A parade of street performances draws the attention of a young visitor during the Wuzhen Theater Festival in October. Provided to China Daily |
An annual festival with a scenic backdrop hooks China's young people on theater, Dominic Morgan reports.
A young woman is sprawled against a wooden doorway in Wuzhen's West Scenic Area, surrounded by beat-up old suitcases.
Looking artfully disheveled in a tilted wide-brimmed hat, she stares motionlessly at the ground as a crowd of teenagers rushes to her, cameras at the ready.
Is she a performer or just an ordinary festivalgoer who has failed to find a hotel room? No one is sure, but everyone excitedly snaps photos anyway.
Scenes like this are common at the Wuzhen Theater Festival, a bewildering Mad Hatter's tea party of an event set in a tiny water town in Zhejiang province that has become a word-of-mouth phenomenon in China.

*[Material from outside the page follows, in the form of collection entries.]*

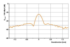 ICR RFプローブヘッドの測定コイルは測定面に垂直に配置されています。プリアンプはプローブハウジングに統合されており、バイアスティーによって電源供給されています。ICR近接場プローブは納品前に品質チェックを受けます。異なる基準配置測定が行われ、その結果に基づいて補正線が生成されます。三種類の補正線が決定されます - 標準化された補正線、Hフィールド補正線、および電流補正線。
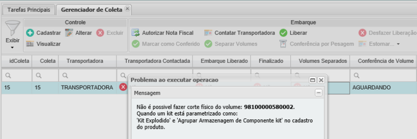 Bloqueamos el Corte Físico de volúmenes cuando hay un componente de kit, con la presentación del mensaje:No es posible cortar físicamente el volumen: 9810000000580002. Cuando un kit está parametrizado como: "Kit explosionado" y "Kit de almacenamiento de componentes de grupo" en el registro del producto.
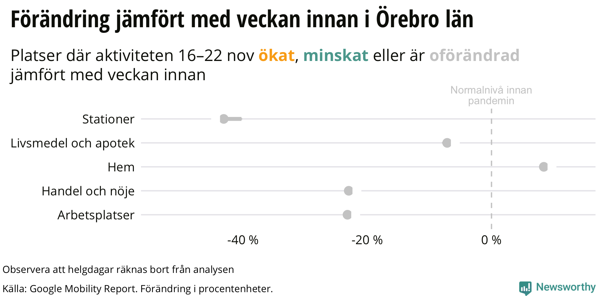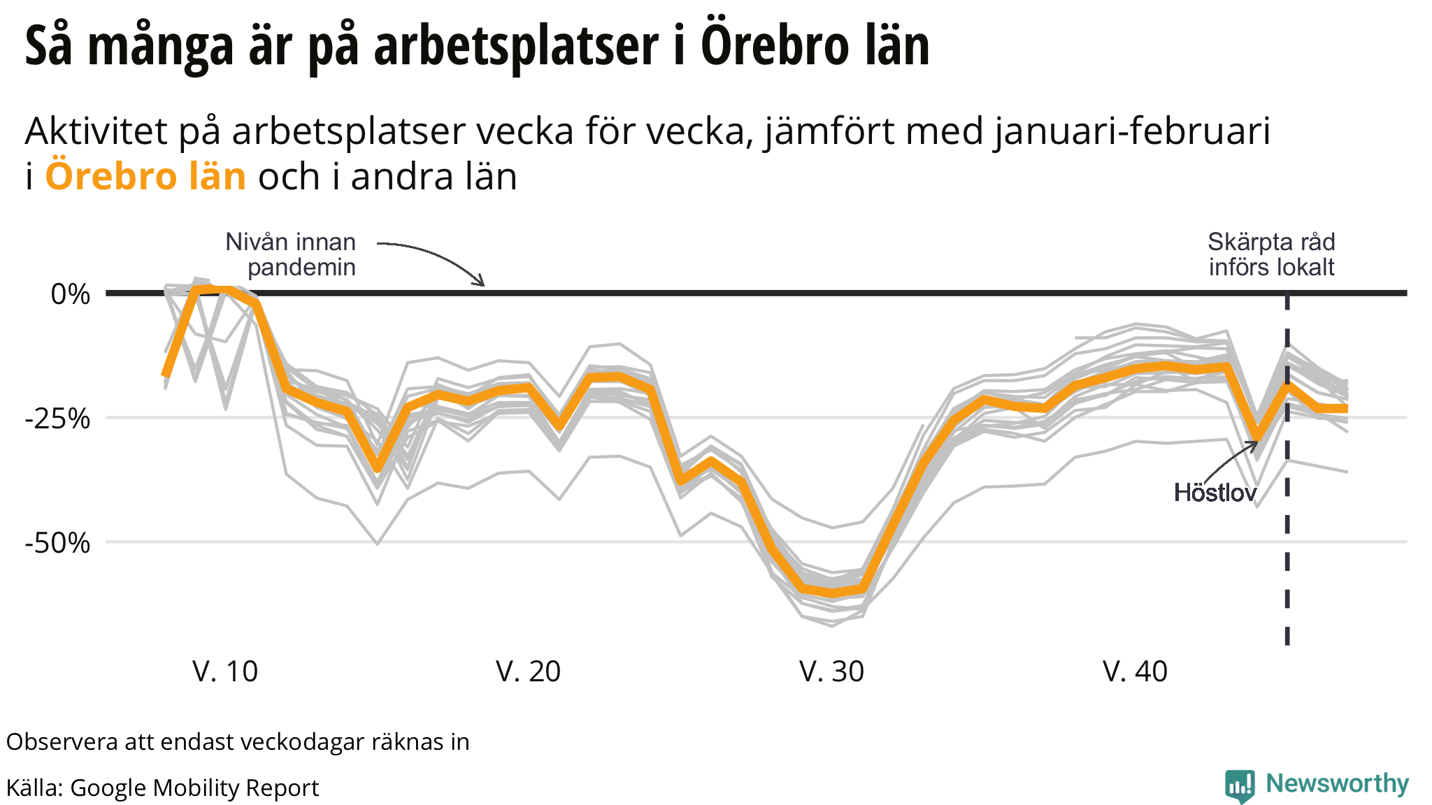 Googles senaste siffror, som publicerades nyligen, visar att invånarna i Örebro rörde sig ungefär lika mycket på arbetsplatser mellan den 16 november och den 22 november som veckan innan, men fortfarande betydligt mindre än innan pandemin.

Wuzhen's combination of beautiful scenery, international lineups and pop-up street performances immediately strikes a chord with an emerging generation of young Chinese urbanites, transforming the town almost overnight into one of China's cultural centers.
Nearly 500,000 people streamed into the West Scenic Area last month for the fourth annual festival. Compared to most Western theater events, this audience is astonishingly young.
More than 60 percent of attendees are under age 35, according to the festival's organizers, Culture Wuzhen Co. Most come from the first-tier cities of Beijing, Shanghai, Guangzhou and Shenzhen.